Question

这一直困扰我一段时间，我不能使用正则表达式来找到一个带有Beautifulsoup的字符串，我不知道为什么。

这是我遇到麻烦的一线：

data = soup.find(text=re.compile('Överförda data (skickade/mottagna)

如果需要，这是完整的代码：

#!/usr/bin/env python
# -*- coding: utf-8 -*-
from __future__ import print_function
from bs4 import BeautifulSoup

import re
import urllib2

# Fetch URL
url = 'http://192.168.1.254/cgi/b/bb/?be=0&l0=1&l1=-1'
request = urllib2.Request(url)
request.add_header('Accept-Encoding', 'utf-8')

# Response has UTF-8 charset header,
# and HTML body which is UTF-8 encoded
response = urllib2.urlopen(request)

soup = BeautifulSoup(response)

time = soup.find(text="Aktiv tid:").findNext('td').contents[0]
data = soup.find(text=re.compile('Överförda data (skickade/mottagna) [GB/GB]:')).findNext('td').contents[0] # complains about this line

f=open('/var/www/log.txt', 'a')
print(time + ";" + data,file=f)
f.close()

每当我运行它时，会发生类型为AttributeError的错误，说'NoneType'对象没有属性'findNext'

因为我的字符串可以是：

Överförda数据（skickade / mottagna）GB / GB：
Överförda数据（skickade / mottagna）[MB / MB]：

因此我需要使用正则表达式来查看它们是否匹配其中任何一个。

提前谢谢！

（编辑：我现在更改了我的代码（请参阅下面的answer），但它仍然给我同样的错误：

#!/usr/bin/env python
# -*- coding: utf-8 -*-
from __future__ import print_function
from bs4 import BeautifulSoup

import re
import urllib2

# Fetch URL
url = 'http://192.168.1.254/cgi/b/bb/?be=0&l0=1&l1=-1'
request = urllib2.Request(url)
request.add_header('Accept-Encoding', 'utf-8')

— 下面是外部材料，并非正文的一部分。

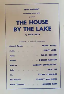 The House by the Lake is a 1956 British stage thriller in three acts, by Hugh Mills.[1] The main characters are Maurice and Stella, a brother and sister who plot to murder their unlikeable brother, Colin.[2] The other characters include Maurice's wife, Janet, Colin's long-suffering wife, Iris, and Colonel Forbes, a neighbour.[3]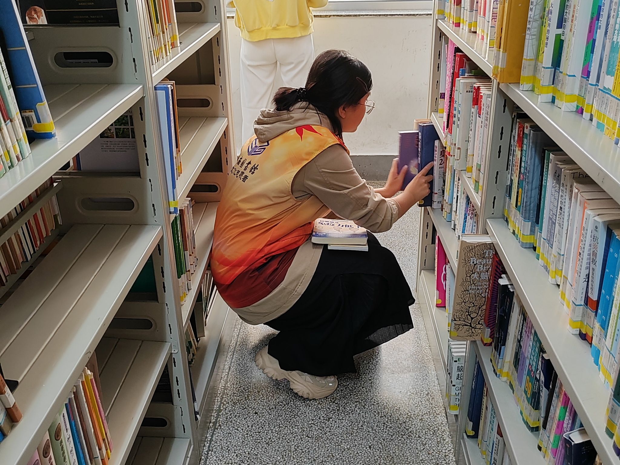 活动当天,志愿者们分为两个小组开展工作。第一组志愿者在大厅开展人员引导工作,以维持图书馆的秩序,营造安静的阅读氛围。第二组志愿者前往不同书籍区,对书籍进行归类整理,将书籍有序放置在书架上,并对借阅室进行打扫,维护良好的阅读环境。活动结束后,志愿者们在湖南省图书馆大厅合影留念。

# Response has UTF-8 charset header,
# and HTML body which is UTF-8 encoded
response = urllib2.urlopen(request)

soup = BeautifulSoup(response)

time = soup.find(text="Aktiv tid:").findNext('td').contents[0]
data = soup.find(text=re.compile(re.escape(u'Överförda data (skickade/mottagna) [GB/GB]:'))).findNext('td').contents[0]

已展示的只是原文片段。